● AVAILABLE DATA
..........
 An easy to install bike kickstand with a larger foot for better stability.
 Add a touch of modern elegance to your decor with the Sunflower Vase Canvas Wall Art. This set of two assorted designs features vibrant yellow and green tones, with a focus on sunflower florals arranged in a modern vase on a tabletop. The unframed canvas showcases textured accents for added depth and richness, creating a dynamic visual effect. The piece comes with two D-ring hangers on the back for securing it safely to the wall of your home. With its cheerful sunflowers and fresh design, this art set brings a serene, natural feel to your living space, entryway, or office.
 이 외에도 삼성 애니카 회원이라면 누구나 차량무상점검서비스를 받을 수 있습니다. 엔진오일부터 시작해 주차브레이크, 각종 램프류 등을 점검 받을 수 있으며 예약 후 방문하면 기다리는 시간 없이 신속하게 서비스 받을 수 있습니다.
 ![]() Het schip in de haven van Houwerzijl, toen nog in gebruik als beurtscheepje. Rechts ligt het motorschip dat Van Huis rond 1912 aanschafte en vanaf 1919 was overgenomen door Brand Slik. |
..........
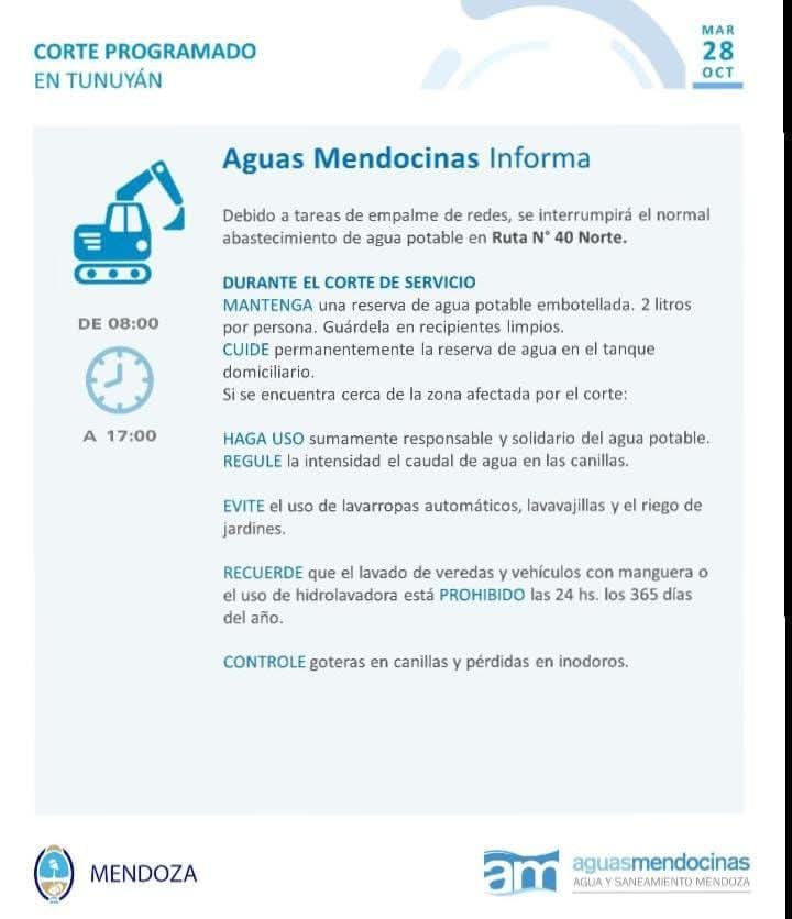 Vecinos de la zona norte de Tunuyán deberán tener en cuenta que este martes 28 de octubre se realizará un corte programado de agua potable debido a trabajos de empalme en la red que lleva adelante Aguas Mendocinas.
..........
● ASSIGNMENT
Produce only the lines from the line containing "Add a touch" through the line containing "Brand Slik. |", inclusive of both, exactly as they stand in the entries above.

● RESULT OF THIS EXERCISE
 Add a touch of modern elegance to your decor with the Sunflower Vase Canvas Wall Art. This set of two assorted designs features vibrant yellow and green tones, with a focus on sunflower florals arranged in a modern vase on a tabletop. The unframed canvas showcases textured accents for added depth and richness, creating a dynamic visual effect. The piece comes with two D-ring hangers on the back for securing it safely to the wall of your home. With its cheerful sunflowers and fresh design, this art set brings a serene, natural feel to your living space, entryway, or office.
 이 외에도 삼성 애니카 회원이라면 누구나 차량무상점검서비스를 받을 수 있습니다. 엔진오일부터 시작해 주차브레이크, 각종 램프류 등을 점검 받을 수 있으며 예약 후 방문하면 기다리는 시간 없이 신속하게 서비스 받을 수 있습니다.
 ![]() Het schip in de haven van Houwerzijl, toen nog in gebruik als beurtscheepje. Rechts ligt het motorschip dat Van Huis rond 1912 aanschafte en vanaf 1919 was overgenomen door Brand Slik. |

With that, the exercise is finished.